Let $X = \{1, 2, 3, 4, 5\}.$ Define a relation $R = \{(x, y)\mid x, y \text{ even}; x, y \in X\}.$ Show that $R$ is an equivalence relation on X

Question

Can you help me with this problem? I have a problem demonstrating it. I know that it needs to be reflexive, symmetric, and transitive. I just don't understand when they said even, does it mean $R=\{(2,2),(2,4),(4,2),(4,4)\}?$ If yes how can I demonstrate it for example reflexive will be: for all x belongs to $X$ $(x,x)R(x,x)\rightarrow (x,x)=(x,x) ?$

Answer 1

First of all: $x-y$ even does not mean $x, y$ are even. If we took $x=1, y=3$, then $x-y=-2, y-x=2$ and both are even. The reflexivity comes from this thing quite easily, as $0$ is even. Symmetry is a quick thing to check, and transitivity is the only tricky part, but can be done by writing $x-y=2m, y-z=2n$ for some integers $m, n$, and then seeing what that gives for $x-z$.

Answer 2

I just don't understand when they said even,

Yeah, I don't either. But given any option, I'd take it to mean $R= \{(x,y)| x, y$ are both even$\}$.

does it mean R={(2,2),(2,4),(4,2),(4,4)}?

That's the only real thing that would make sense.

If yes how can I demonstrate it for example reflexive will be: for all x belongs to X (x,x)R(x,x)→(x,x)=(x,x)?

You can't. Because it wouldn't be true.

$1 \not R 1$ because $(1,1) \not \in R$. Nor is $(3,3)$ or $(5,5)\in R$.

So the relation just isn't reflexive.

I suspect the book has a typo and meant.

$R = \{(x,y): x, y$ are both even or are both odd$\}$. That would be an equivalence relation with exactly to equivalet classes.

Class 1: $ \{1,3,5\}$ as all elements in the class are equivalent to each other, and Class 2: $\{2,4\}$ as all elements in the class are equivalent to each other.
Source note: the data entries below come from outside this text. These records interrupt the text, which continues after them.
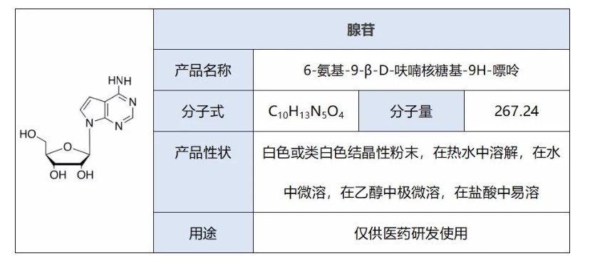腺苷作為天然核苷酸,是機(jī)體代謝的中間產(chǎn)物,也是體內(nèi)重要活性成分之一。腺苷做成的注射液1989年美國首次上市。腺苷(Adenosine, AD)即腺嘌呤核苷,是機(jī)體RNA的代謝產(chǎn)物,屬于生物小分子化合物,它是一種內(nèi)源性核苷,能參與血管神經(jīng)舒張活動(dòng),具有抗心律失常的功效。在中樞神經(jīng)系統(tǒng)中,它對(duì)神經(jīng)傳遞的調(diào)節(jié)及對(duì)抵抗缺血性與疾病性神經(jīng)傷害等方面具有重要作用。
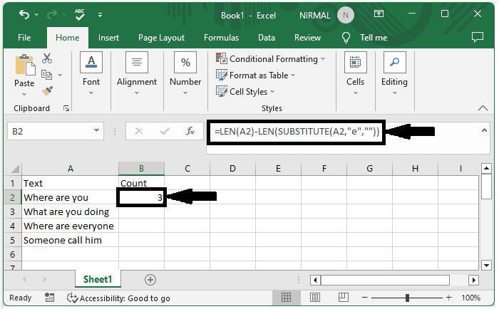 =LEN(A2)-LEN(SUBSTITUTE(A2,"e","")) 並點選回車鍵以獲得第一個結果。
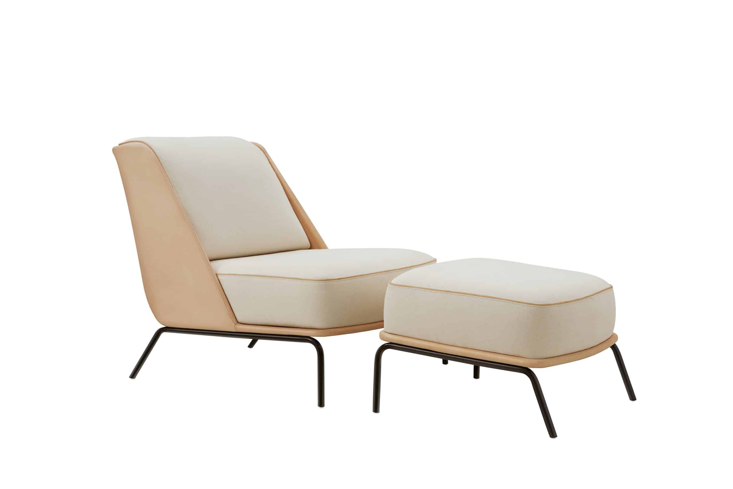 Quando utilizada junto ao pufe, ela funciona como uma chaise, permitindo ao usuário reclinar-se ainda mais, apoiando a cabeça sobre a parte superior da almofada de encosto. Tem como destaque o desenho da parte posterior, que, através de uma abertura, evidencia o detalhe da almofada de assento revestida em tecido e o seu contraste com o revestimento em couro da estrutura.
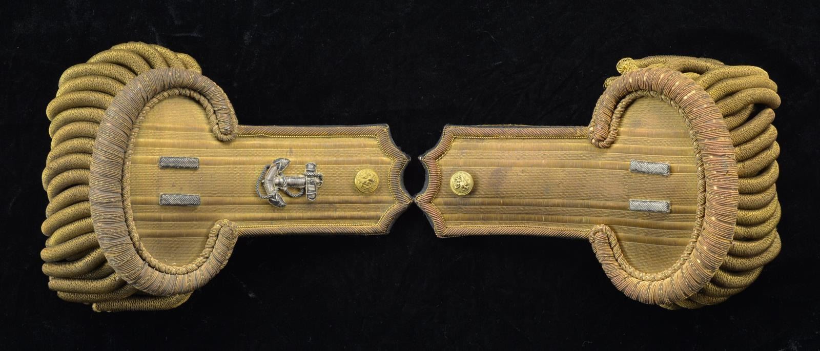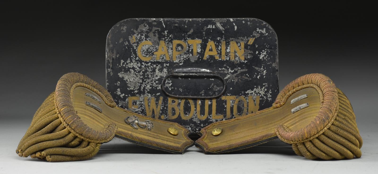 CAPTAIN EDWIN BOULTON. Rectangular Japanned casing painted in gold "CAPTAIN / E W BOULTON". Typical bullion dress epaulets w/ Navy buttons, Captain's insignia & fouled anchor device on 1. CONDITION: good overall. PROVENANCE: Collection of John Montague. (02-16574/JS). $200-300.
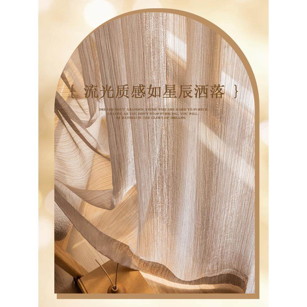 法式流金纱帘透光半透人窗纱飘窗帘阳台高级轻奢鎏金纱客厅梦幻帘

Every element in $X$ is in one of the classes and the cases are disjoint and every element of $X$ belongs to exactly one class.

(That's not the usual definition of equivalence relation, but it is an... ahem, equivalent, definition. It gets down to what equivalence means and why the text relation obviously isn't. In the texts case there is only one class, the class of evens: $\{2,4\}$ and $1,3,5$ aren't in any class.

....

Anyway it looks like you are on top of everything and have a good grasp on everything... except.....

The relation is on $X$ and contains ordered pairs of $X$ but we say $xRy$ which is the same thing as $(x,y) \in R$ or if $R$ is an equivalence relationship (which it may not be) then we can say "$x$ is equivalent to $y$" or notation $x \equiv y$.

We wouldn't write, as you did when you wrote "$(x,x)R(x,x)\rightarrow (x,x)=(x,x)$", about the pairs being related. Either the elements are related, OR the ordered pairs are in $R$. But not that the ordered pairs are related.